Today it is Christmas day and I am watching ‘Carols from Kings’, because my cable TV has a thing where you can watch things that were on TV in the past week, as well as what is on TV right now. So I am feeling very content listening to it and typing on my little Asus Eee laptop, and eating Belgian chocolate malt balls that I got from Asda, which are like maltesers but nicer. It’s odd – there is part of me that feels a bit naughty for spending Christmas alone. People are not supposed to spend Christmas alone – it either means you’re a bah humbug, or that you are a pitiable, lonely person to be prayed for in church. But it is so nice to be by myself. It is so very quiet outside – well, it’s always pretty quiet anyway, but even quieter today. I went in my garden and hung up my washing, and was aware that I’m probably the only person in my neighbourhood doing laundry on Christmas day, and it was a nice peaceful feeling.

Christmas does not have a religious significance to me. I like the carols purely for familiarity and because I like the sound. The words are silly, and they don’t help me worship God. I like my relationship with God to be constant.

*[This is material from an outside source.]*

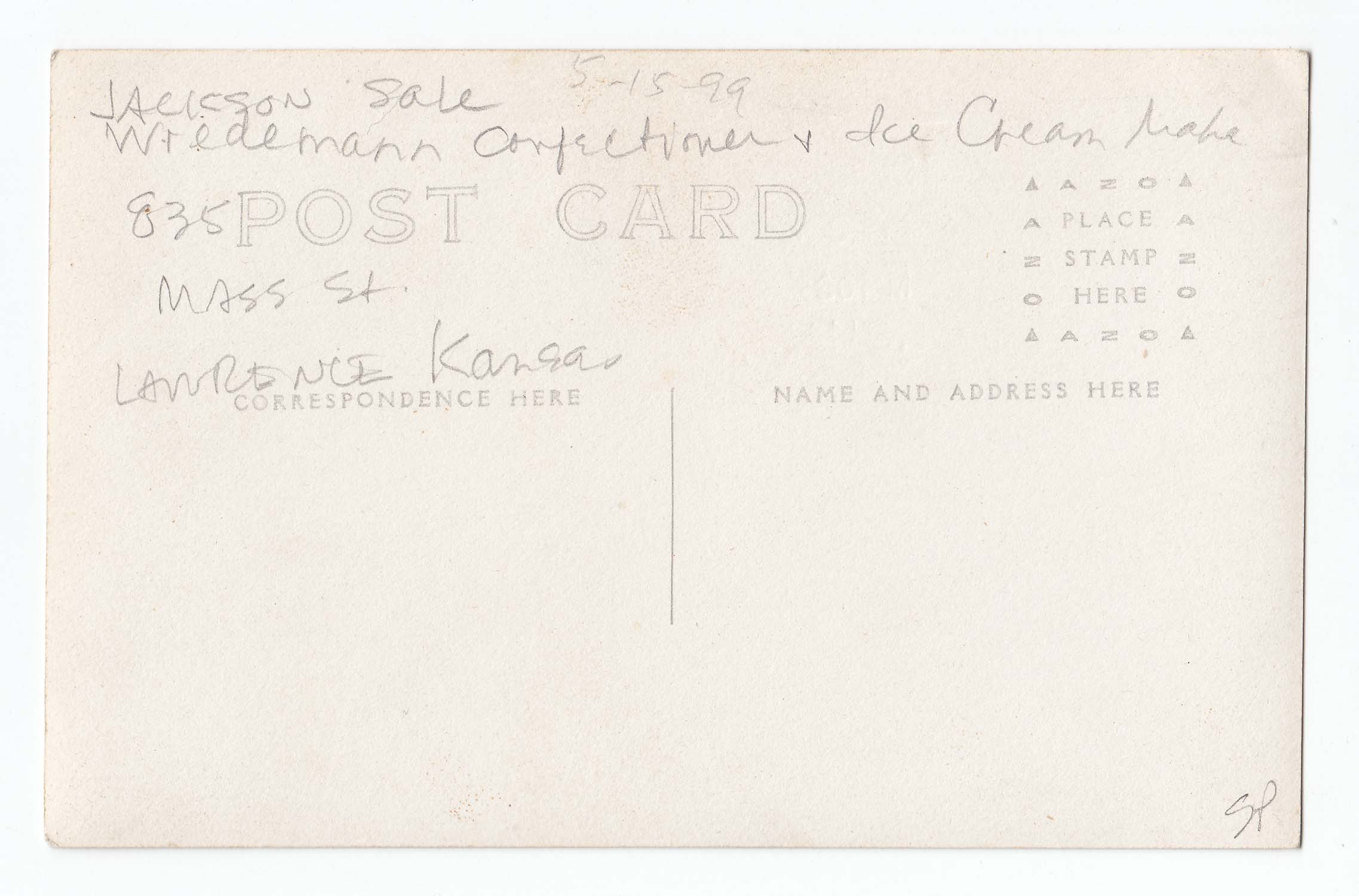Postcard with a black and white photograph of Wiedemann Confectioner and Ice Cream Manufacturer

I don’t like it to have to be different on Christmas day, and I don’t think it has to be, because there is a bit in the Bible about how some people like to have certain days as special and set apart and other people like all days to be the same, and whatever you do, do for God. So I am the latter type of person.

I have a random question. Why do bishops wear those funny hats? I am really not used to such hats because I have never attended a church where anyone wore one. Yesterday when i was watching the eucharist carol service on TV, I saw this bishop was wearing a funny hat, and for a moment, when I wasn’t properly paying attention, I thought to myself that he was wearing a Christmas party hat that he had got out of a cracker. I thought it was part of the festive season. But then I paid attention and remembered they wear hats like that all the time, because I see the photos on the internet, so I am curious what it signifies.